Bata Luncurkan Lini Sepatu Ringan Berteknologi Redam Benturan
- Easytwist
Memasuki tahun ajaran baru, jutaan pelajar di Indonesia bersiap kembali ke sekolah dengan perlengkapan anyar, termasuk alas kaki. Di balik rutinitas tahunan yang tampak biasa ini, terdapat kebutuhan mendasar yang sering terabaikan mengenai kelayakan sepatu dalam menopang aktivitas fisik anak yang padat selama berjam-jam. Menjawab tantangan tersebut, merek alas kaki legendaris Bata meluncurkan inovasi terbaru melalui lini EasyTwist yang mengedepankan aspek rekayasa teknologi mutakhir demi kenyamanan gerak anak.
Melalui kampanye bertajuk "Fresh Steps, Big Goals", koleksi Bata edisi kembali ke sekolah ini memperkenalkan tiga pilar teknologi utama yang saling berintegrasi. Kehadiran inovasi ini ditujukan untuk memberikan proteksi menyeluruh, mulai dari menjaga kesehatan kulit kaki hingga meningkatkan efisiensi energi saat bergerak. Pendekatan berbasis riset material ini membedakan produk tersebut dari sekadar sepatu sekolah konvensional yang minim fitur fungsional.
Pilar teknologi pertama yang disematkan adalah perlindungan antibakteri yang bekerja aktif pada tingkat mikrobiologis di dalam sepatu. Kaki anak-anak yang aktif bergerak cenderung memproduksi keringat berlebih, yang jika dibiarkan akan memicu kelembapan serta menumbuhkan bakteri penyebab aroma tidak sedap. Fitur ini bekerja menekan perkembangbiakan mikroorganisme tersebut, sebuah solusi yang selaras dengan tren global di mana konsumen kini semakin memprioritaskan faktor higienitas pada alas kaki.
Komponen kedua berfokus pada struktur sol bagian dalam yang dilengkapi dengan bantalan ekstra empuk untuk meredam benturan secara optimal. Secara mekanika tubuh, keberadaan peredam tekanan yang responsif sangat krusial dalam melindungi persendian lutut serta pergelangan kaki dari cedera ringan akibat melompat atau berlari. Proteksi struktural ini menjadi investasi penting bagi anak-anak yang sedang berada dalam masa keemasan pertumbuhan tulang dan otot.

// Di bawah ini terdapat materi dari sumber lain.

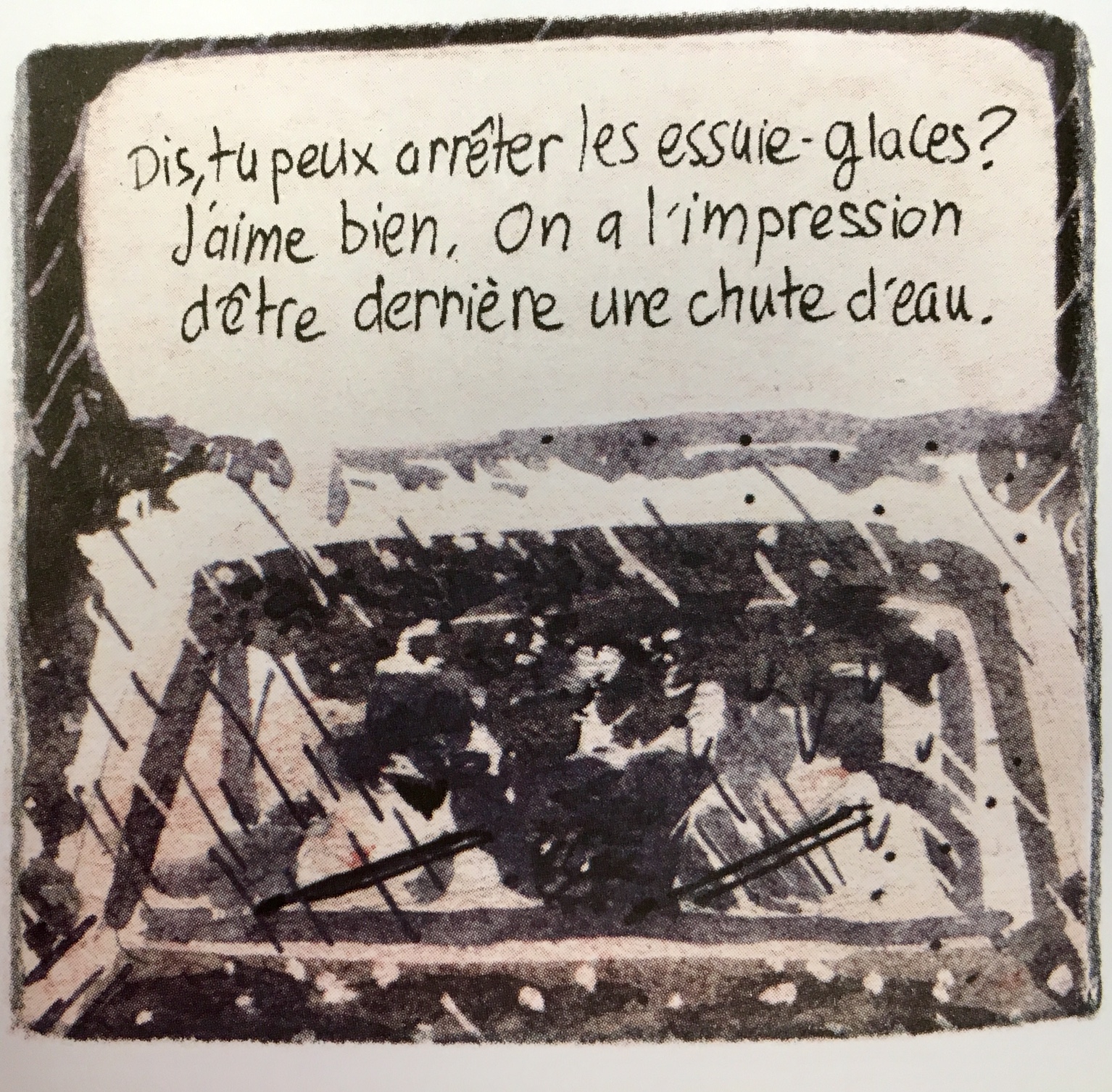 Voilà tout ce qu’il faut pour oublier ses soucis le temps d’un moment. Les chemins cahoteux, les enseignes lumineuses au beau milieu de la nuit d’encre et la rumeur de l’orage qui se prépare. Les éclairs qui sillonnent le ciel et la pluie qui martèle la tôle. La cadence des essuie-glaces, les paupières mi-closes.

Melengkapi aspek kenyamanan tersebut, teknologi ketiga diwujudkan melalui penggunaan material bodi yang berbobot sangat ringan. Berdasarkan kajian ilmiah mengenai pergerakan fisik, beban sepatu yang terlalu berat dapat memicu kelelahan otot kaki secara prematur sebelum aktivitas harian usai. Dengan memangkas bobot gawai alas kaki ini, siswa dapat bergerak dengan lebih dinamis, lincah, dan tidak mudah merasa lelah sepanjang hari di sekolah.